Records from a dataset:
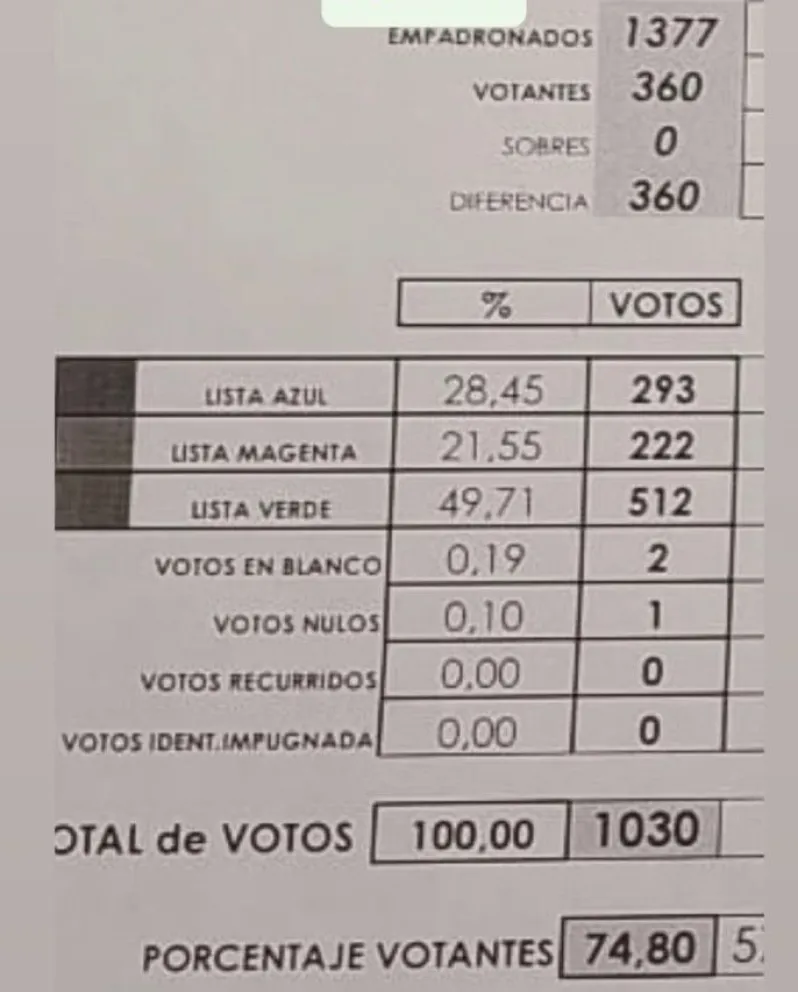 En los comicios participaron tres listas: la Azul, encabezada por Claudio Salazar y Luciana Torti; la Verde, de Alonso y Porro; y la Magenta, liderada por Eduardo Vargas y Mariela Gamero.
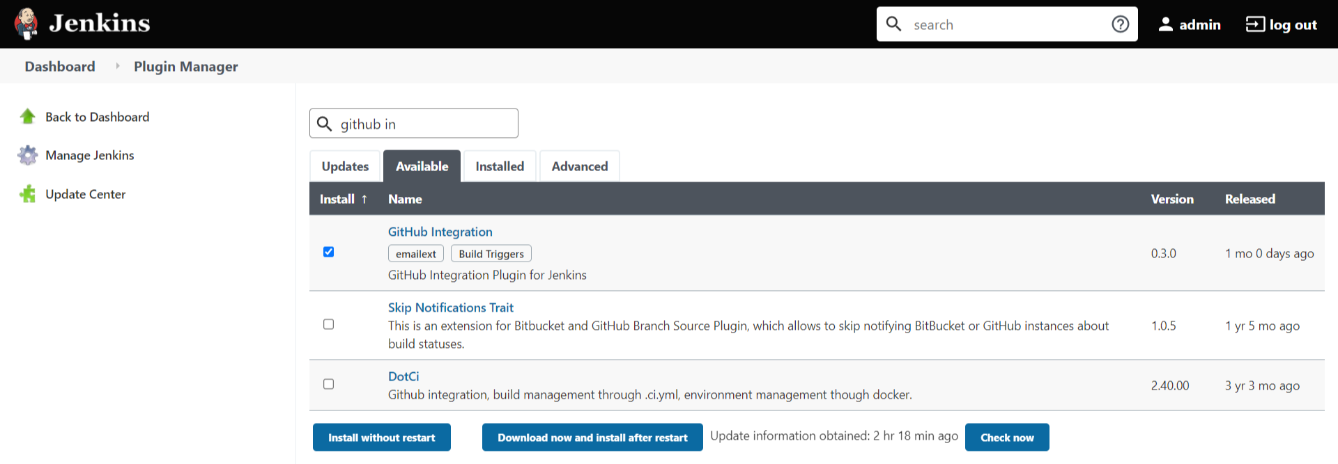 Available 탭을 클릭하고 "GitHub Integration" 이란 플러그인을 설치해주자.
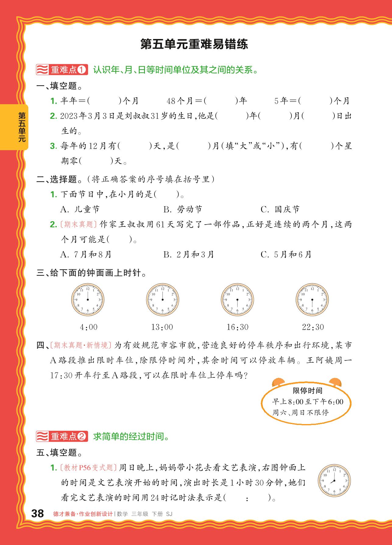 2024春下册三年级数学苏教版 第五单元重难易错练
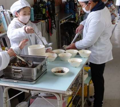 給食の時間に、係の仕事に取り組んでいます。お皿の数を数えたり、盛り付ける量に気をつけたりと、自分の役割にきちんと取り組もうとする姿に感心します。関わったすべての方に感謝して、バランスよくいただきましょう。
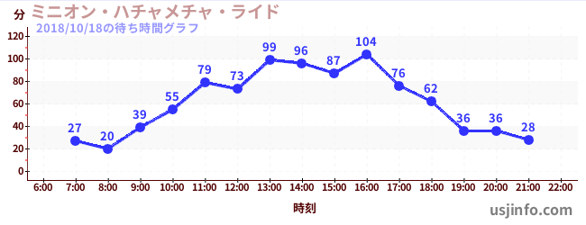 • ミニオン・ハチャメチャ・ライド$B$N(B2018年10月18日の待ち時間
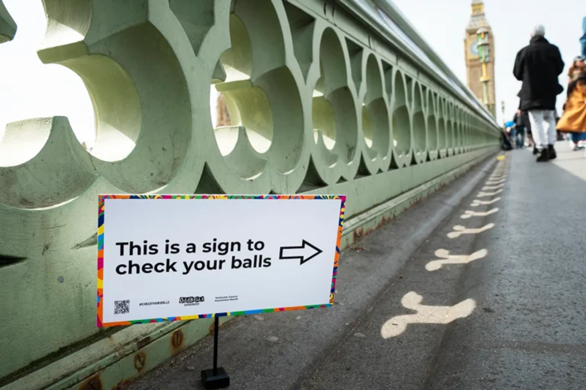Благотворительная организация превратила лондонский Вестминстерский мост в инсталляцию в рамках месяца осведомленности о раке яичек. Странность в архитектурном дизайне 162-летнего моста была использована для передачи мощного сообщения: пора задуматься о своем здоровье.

- Instructions to follow
Return all the records exactly. Skip the pictures.

- Task answer
 En los comicios participaron tres listas: la Azul, encabezada por Claudio Salazar y Luciana Torti; la Verde, de Alonso y Porro; y la Magenta, liderada por Eduardo Vargas y Mariela Gamero.
 Available 탭을 클릭하고 "GitHub Integration" 이란 플러그인을 설치해주자.
 2024春下册三年级数学苏教版 第五单元重难易错练
 給食の時間に、係の仕事に取り組んでいます。お皿の数を数えたり、盛り付ける量に気をつけたりと、自分の役割にきちんと取り組もうとする姿に感心します。関わったすべての方に感謝して、バランスよくいただきましょう。
 • ミニオン・ハチャメチャ・ライド$B$N(B2018年10月18日の待ち時間
Благотворительная организация превратила лондонский Вестминстерский мост в инсталляцию в рамках месяца осведомленности о раке яичек. Странность в архитектурном дизайне 162-летнего моста была использована для передачи мощного сообщения: пора задуматься о своем здоровье.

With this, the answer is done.